The disc doesn’t seem to be a concept album, though it has a wonderful start-to-finish arc to it that makes it easy to listen to all at once. It starts with the slow, dirge of “Sleeper Agent (Just Waking Up),” with distant, ritual tom toms and syrupy thick swaths of strings. At the verse, it sounds a bit like Summerteeth era Wilco. Still, it builds from there into a measured, rather sweeping sing-along chorus, whose lyrics (“let’s all plug in...to the telepathic disco”) fade in and out of linearity like a folk song in a fun house mirror.

Things get even weirder – and more fun – when the band decides to crank the volume a little. “Wave Backwards to Massachusetts” starts with a single repeated guitar note and the WTF line, “A blizzard...a mallard...a stillborn chinese baby speaking backwards,” before launching into that gleeful, fuzzy, whimsical sort of groove that made Bee Thousand so much fun. There’s a jaunty little trumpet line woven in, and another chorus in unison. It’s like eating ice cream – how can you complain? The band-checking “Hallelujah the Hills” runs a little faster and harder, with group-shouted “heys” and “I was born in Belmont/Hallelujah the hills” punctuating string-embellished, pop swaggering melodies.

Like Akron/Family, Hallelujah the Hills excels at incorporating samples and electronic embellishments without disturbing its organic feel. A child reading a poem, a throat clearing, a voice altering microphone treatment, all these things are slipped in without much explanation, but also without pretense. The whole record is beautifully odd, more than a little off even when it’s just one person with a guitar…so how could a few real world sounds make it any stranger?

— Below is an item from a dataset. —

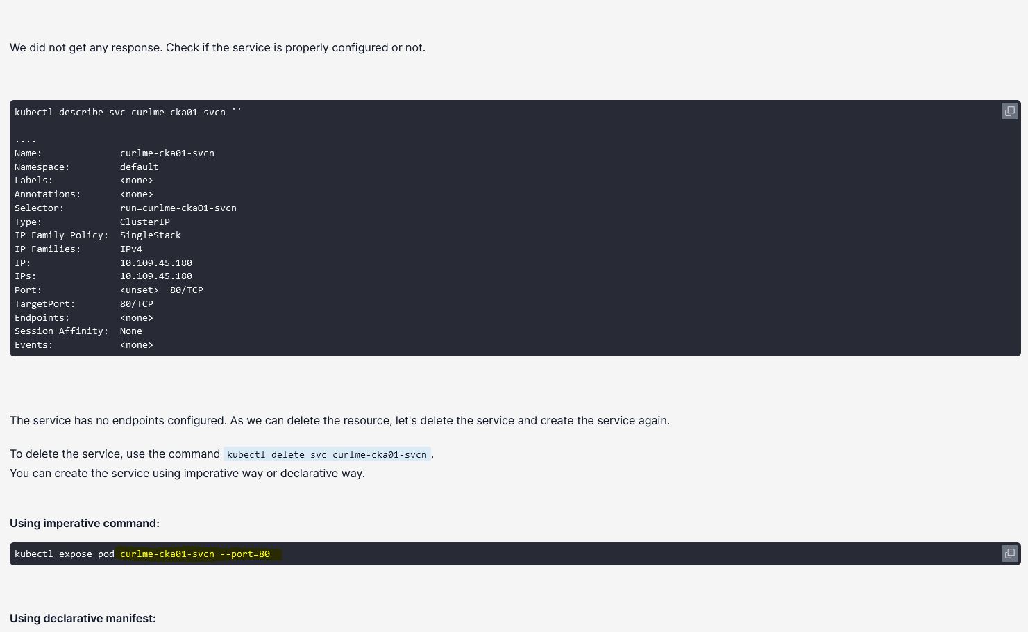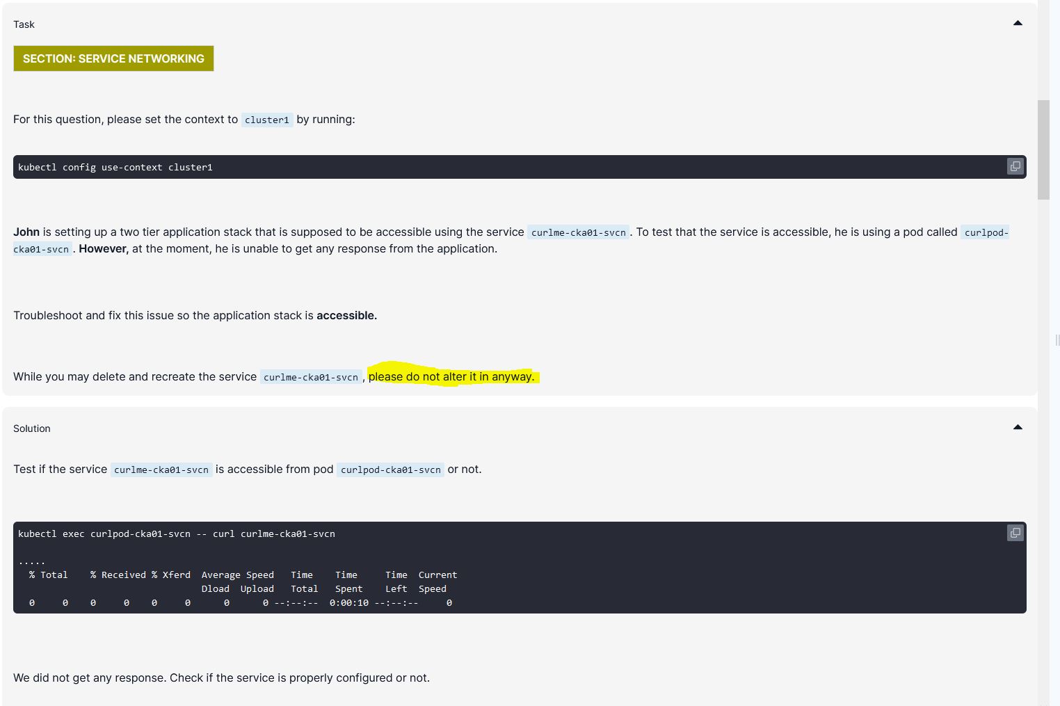 It says: " While you may delete and recreate the service curlme-cka01-svcn, please do not alter it in anyway."
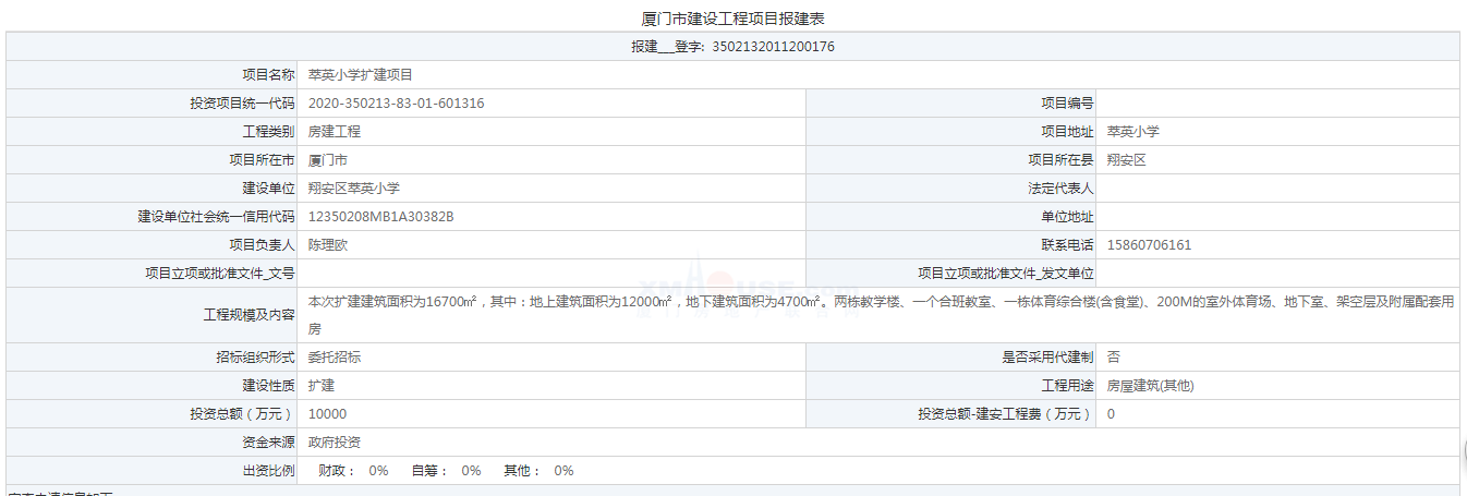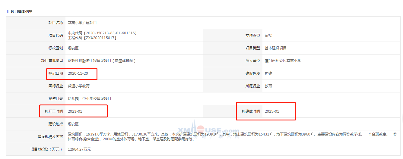 近日,翔安區(qū)萃英小學(xué)擴(kuò)建項(xiàng)目最新報(bào)建信息公布。

The best cuts are the faster ones – “Hallelujah the Hills,” “Slow Motion Records Broken at Break Neck Speed” and particularly “It’s All Been Downhill Since the Talkies Started to Sing.” This last cut should have been the album’s ending – it starts in pop and spirals off into chaos, internally combusts and fractures into noise, the perfect summation of Collective Psychosis Begone, period, end of story. Yet there’s one more acoustic song, “To All My Scientist Colleagues I Bid You Farewell,” placed at the end, I think, because it says “goodbye.” It’s not bad at all, but it’s a coda not a finish. Better to end in frenzy than wistfulness, in the kind of all-hands, screw-production-quality joyousness that makes Hallelujah the Hills a find.